Thursday, July 28, 2016

Admissibility of Damaging Facebook Posts by Plaintiff Addressed by Western District Federal Court


A Facebook decision from a while back has been brought to my attention--this one is not on the discoverability of Facebook info;  rather, this decision pertains to the admissibility of such information at trial over the objection of the Plaintiff, in part, that the information is embarrassing.

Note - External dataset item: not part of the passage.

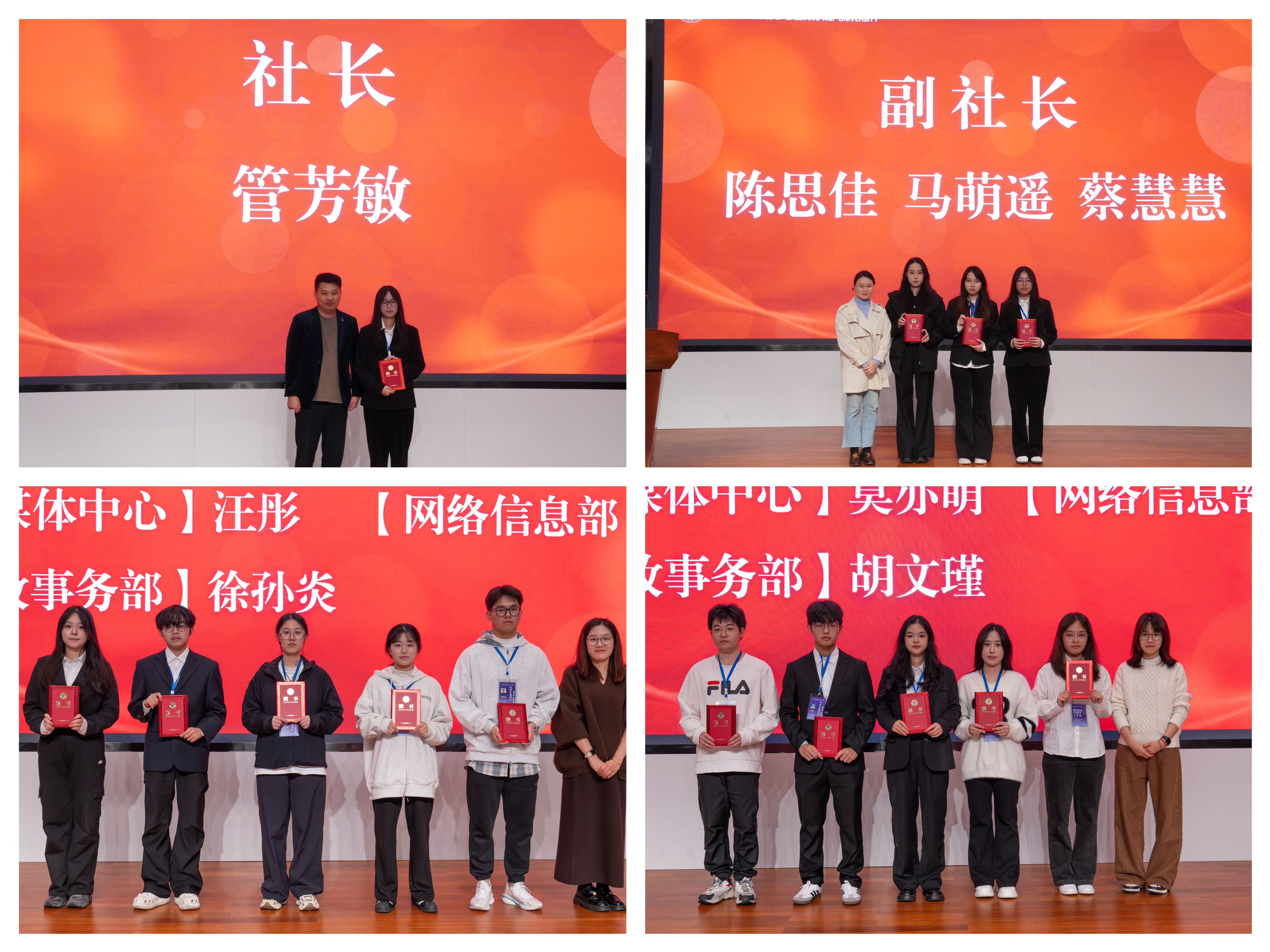 党政办、宣传部负责人,党政办、宣传部教师代表依次为2025届社长团、部长团及副部长代表颁发聘书。

In the Federal Western District Court of Pennsylvania decision of Newill v. Campbell Transp. Co., No. 2: 2012-CV-1344, 2015 U.S. Dist Lexis 4350 (W.D. Pa. 2015 McVerry, J.) from over a year ago, the court reviewed a Plaintiff's motion in limine to preclude the Defendant from introducing several of the Plaintiff's Facebook posts into evidence in a personal injury matter on the basis they were irrelevant, unfairly prejudicial, and potentially embarrassing.  

According to the opinion the Plaintiff's Facebook posts referenced going to the gym, landscaping, flooring, and undercoating a truck.  The Plaintiff also apparently advertised his services as a handyman, indicating that no job was too big or too small. The Court found that the posts from Plaintiff's Facebook account that reflected physical capabilities inconsistent with Plaintiff's claims of injury and limitations were relevant and embarrassment alone was found not to be a sufficient basis for excluding the posts pursuant to F.R.E. 403.  

The Court did leave the door open for the issue to be revisited during the actual trial by noting that if, at the time of trial, the Defendant attempted to introduce posts the Plaintiff felt were particularly embarrassing, the issue of admissibility could be re-raised pursuant to F.R.E. 611.

Anyone wishing to review this case, may click this LINK.

I send thanks to Brian Murren, a law clerk in the Camp Hill office of Marshall, Dennehey, Warner, Coleman & Goggin for bringing this decision to my attention.